----- Dataset entries -----
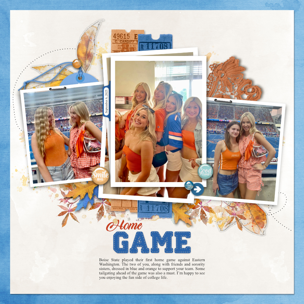 Next, Valerie created a bold color scheme to match the outfits in school colors her granddaughter and her friends are wearing at a recent football game. So fun! The coordinating papers are from Palette Textures Paper Pack 10 and Palette Textures Paper Pack 30.
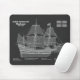 Das Schiff der Maisblume plant. Das berühmte Schiff aus dem 17. Jahrhundert, das die Pilger nach Amerika transportierte. Schiffskonzept Zeichn von Plänen oder Schematiken mit der Kontur für die Entwicklung von Maisblumen
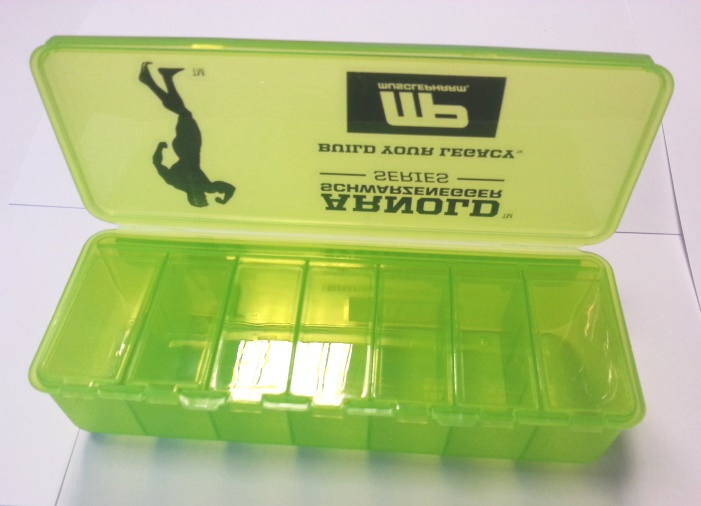Дуже зручна таблетниця на 7 днів для збереження таблеток і нагадування про прийом різних добавок. Ви раз на тиждень поповнюєте Arnold Pill Box, а далі щодня з окремого осередку дістаєте та приймаєте потрібні таблетки. Дуже зручний девайс для тих, хто пропускає важливі прийоми як спортивного харчування, так і різних ліків. Таблетниця зроблена з високоякісного харчового пластику і підійде будь-кому, адже має дуже стильний дизайн.
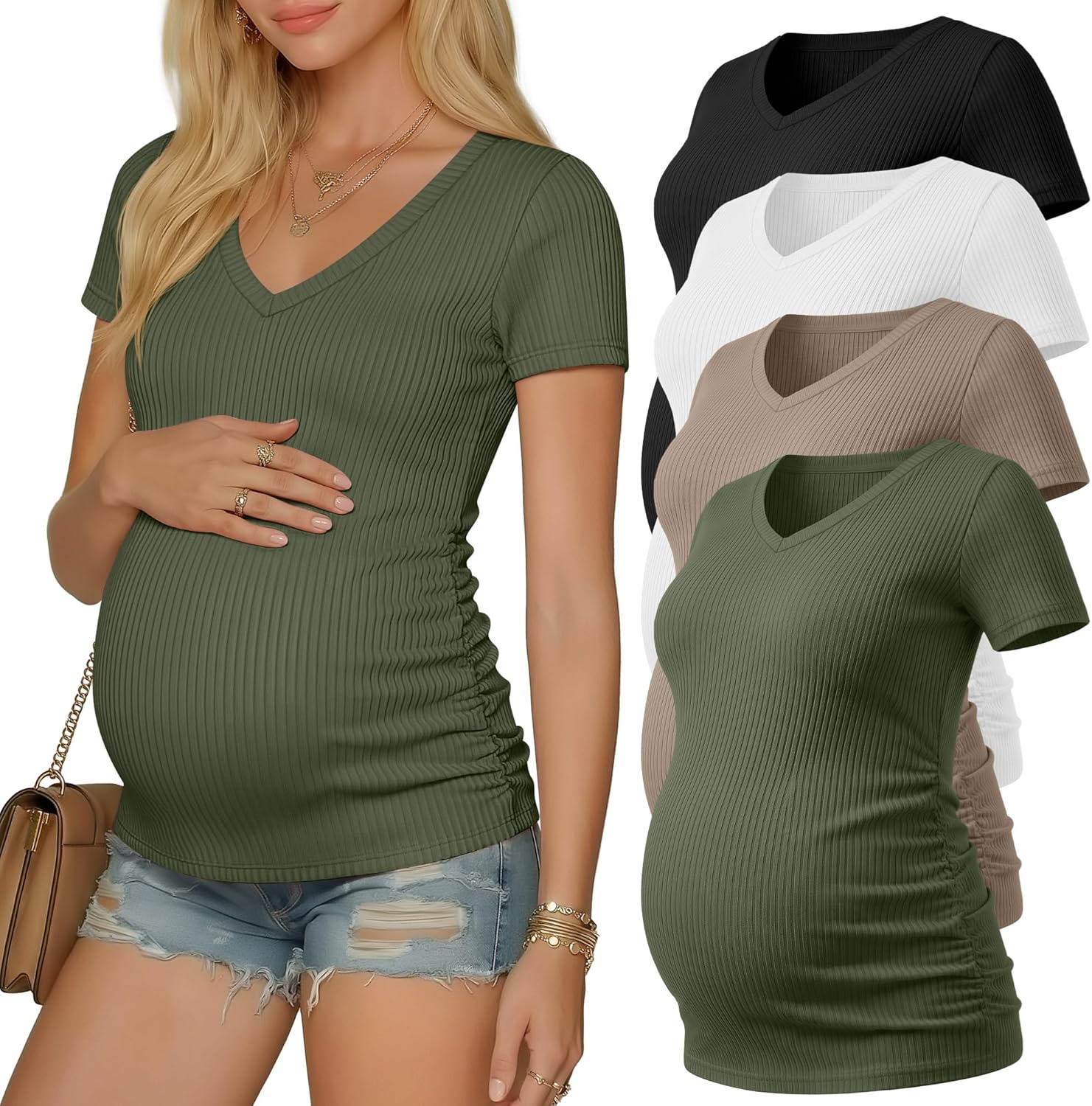 Features: Comfortable cotton fabric is gentle on the skin and breathable, allowing you to stay relaxed, comfortable, and dry even in the hot summer. Ideal maternity t-shirt for mom-to-be. With soft stretchy fabric and sides ruched design, these maternity tops offer a flexible fit at each stage of pregnancy, with enough length to cover your bump. Material: 92% Cotton, 8% Spandex Package Includes: 4 x Women's Maternity Shirts Notes: Manual measurement, please allow slight errors on size. The color may exist a slight difference due to different screen display.
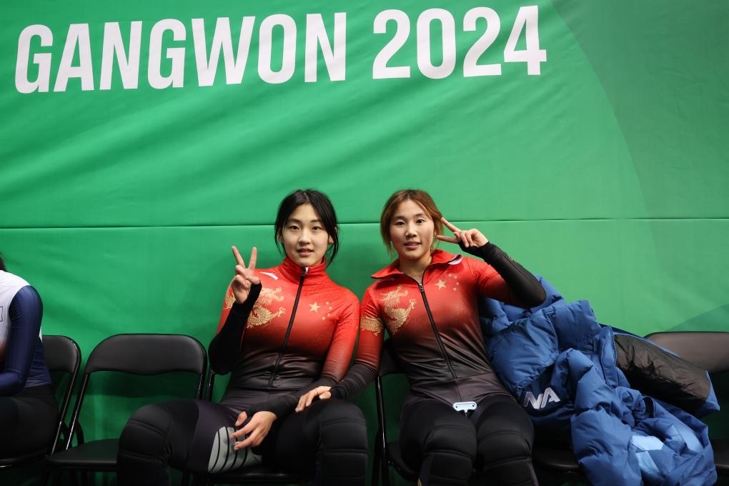 1月20日,中國選手楊婧茹(右)與李金恣在比賽后慶祝。當(dāng)日,在韓國江陵進(jìn)行的2024年江原道冬青奧會短道速滑女子1500米決賽中,中國運(yùn)動員楊婧茹和李金恣分獲金、銀牌。新華社記者 許雅楠 攝
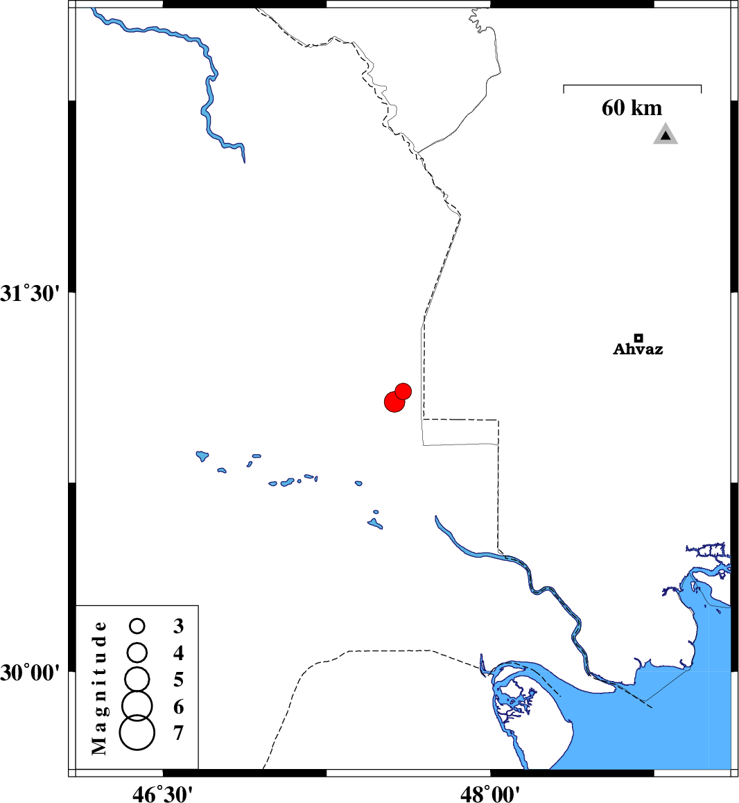 | 2011/02/07 | 02:38:27.4 | 06:08:27.4 | 31.07 | 47.56 | 23 | ML4.2 | Iraq, 65 km North-West of Al Basrah |
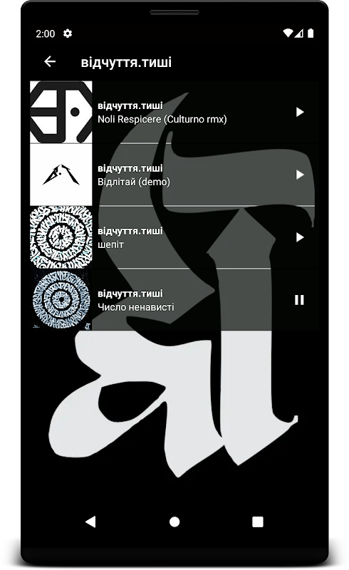 कृपया ध्यान दें कि एप्लिकेशन पूरी तरह से संभावित श्रोताओं को बैंड के काम से परिचित कराने के लिए बनाया गया था, इसलिए गाने डाउनलोड करने की क्षमता लागू नहीं होती है, लेकिन आप उन्हें ऑनलाइन सुन सकते हैं (यूट्यूब संगीत के विपरीत, भले ही स्क्रीन लॉक हो)।
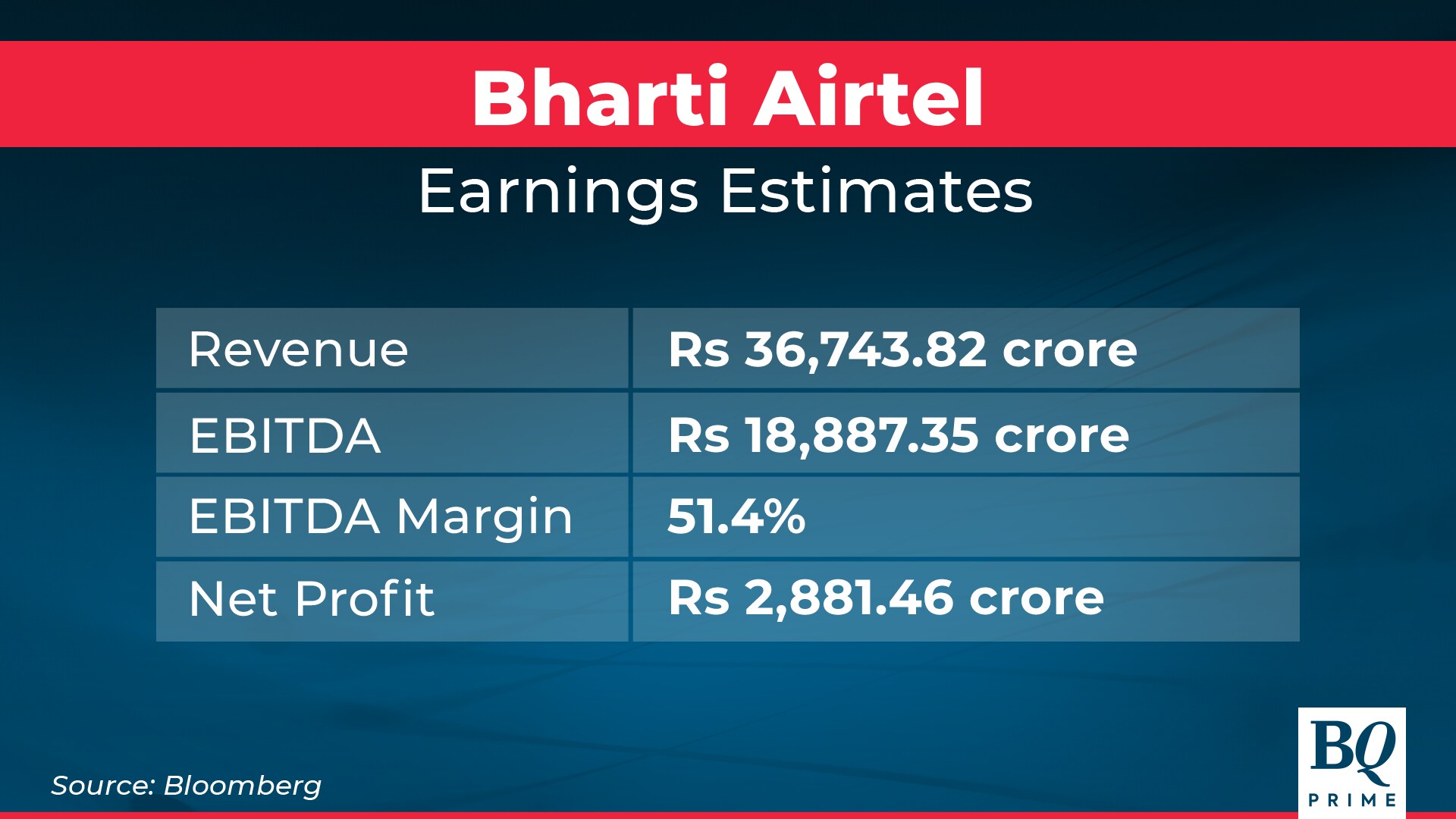 The Sunil Mittal-run Bharti Airtel will see its consolidated revenue rise in lower single digits sequentially, according to estimates of analysts tracked by Bloomberg. However, the homegrown telecom player will see its net profit almost double quarter-on-quarter as profitability remains high, the estimates show.
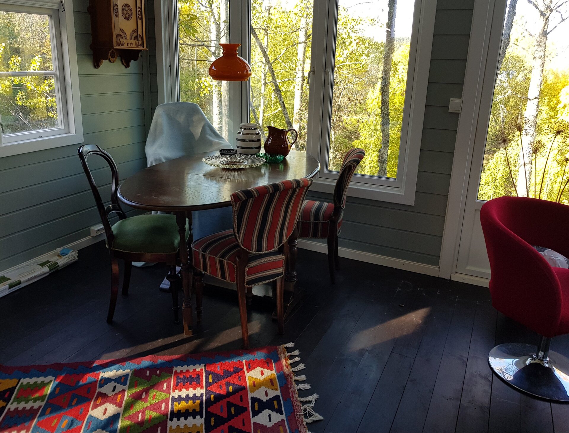 . Huset ligger i en «dejlig have», og atelieret der består av en liten skjev havestue, der lyset faller mildt og klart, slik det ofte gjør i Nordjylland, når regnet da ikke står ned eller blesten river blader og greiner av trærne. Av og til går det da også en rute i det gamle veksthuset, som dog mest brukes til ved. Ugresset der lever sitt eget liv.
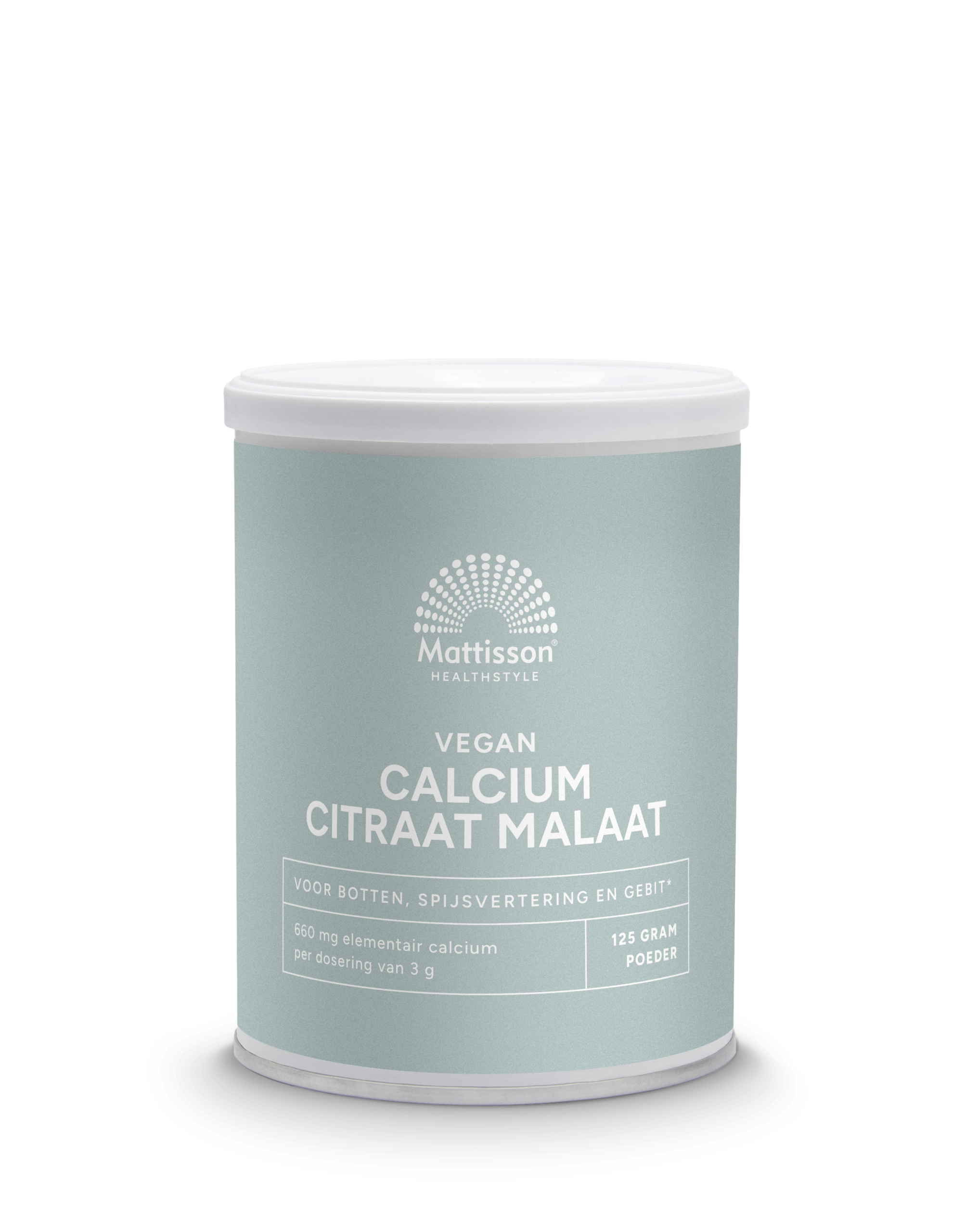 Mattisson HealthStyle Calcium Citraat Malaat (125 gram) is een vegan voedingssupplement. Het bevat calcium in de organische vormen citraat en malaat, die zeer efficiënter door het lichaam worden opgenomen. Dit poeder is geschikt voor volwassenen vanaf 18 jaar en bevat 3000
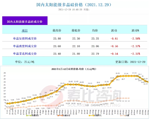 12月29日,中国有色金属工业协会硅业分会发布国内太阳能级多晶硅最新价格。其中:
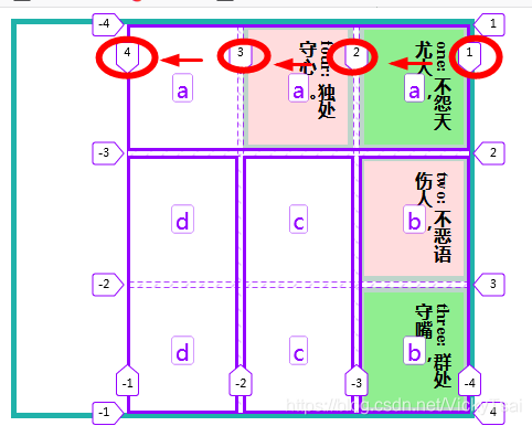 | ② 明示的なグリッド領域、行トラック、列トラック(短縮属性)を集中的に設定します | grid-template |
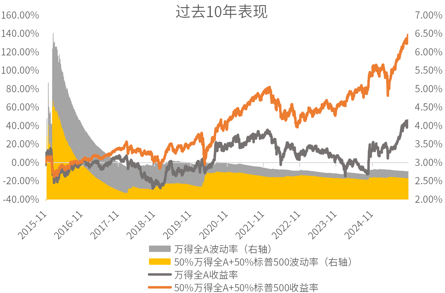 数据来源:Wind,2015.11.1-2025.10.31。历史表现不代表未来,市场有风险,投资需谨慎。以上业绩测算选用基准指数在特定期间的历史数据,仅作示例参考,并不代表其将来表现。业绩测算的收益率为模拟数据,对所使用假设和因素的任何更改都可能对所显示结果产生重大影响,不作为未来收益保证或投资建议。投资有风险。
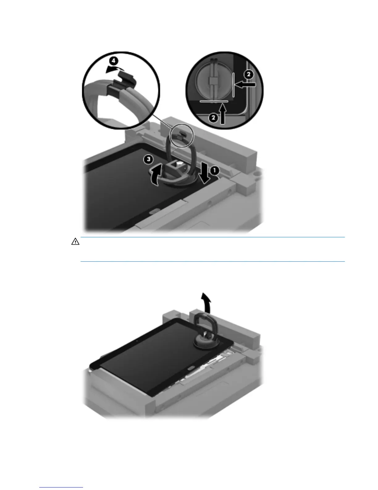 CAUTION: Do not lift the right edge of the display assembly more than ¼-inch from the tablet
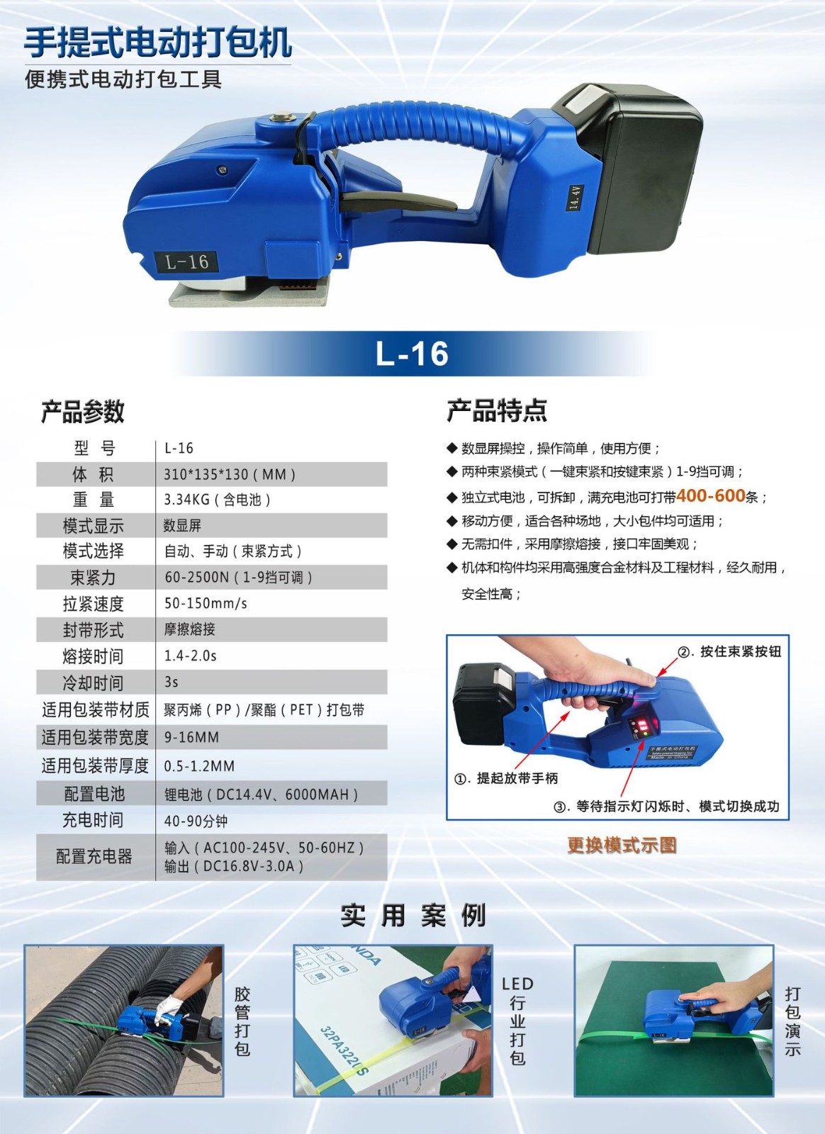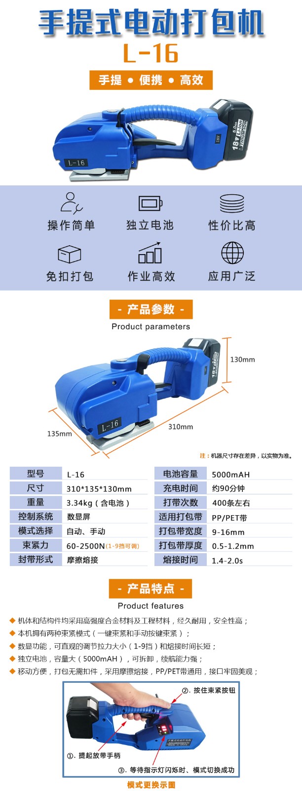 L-16手持電動打包機的優勢是什么呢?
-----
[Exercise requirements]: Skip every picture, and restate word for word only the lines above from the line containing "कृपया ध्यान दें" to the line containing "The Sunil Mittal-run", both of them included.

[Problem solution]:
 कृपया ध्यान दें कि एप्लिकेशन पूरी तरह से संभावित श्रोताओं को बैंड के काम से परिचित कराने के लिए बनाया गया था, इसलिए गाने डाउनलोड करने की क्षमता लागू नहीं होती है, लेकिन आप उन्हें ऑनलाइन सुन सकते हैं (यूट्यूब संगीत के विपरीत, भले ही स्क्रीन लॉक हो)।
 The Sunil Mittal-run Bharti Airtel will see its consolidated revenue rise in lower single digits sequentially, according to estimates of analysts tracked by Bloomberg. However, the homegrown telecom player will see its net profit almost double quarter-on-quarter as profitability remains high, the estimates show.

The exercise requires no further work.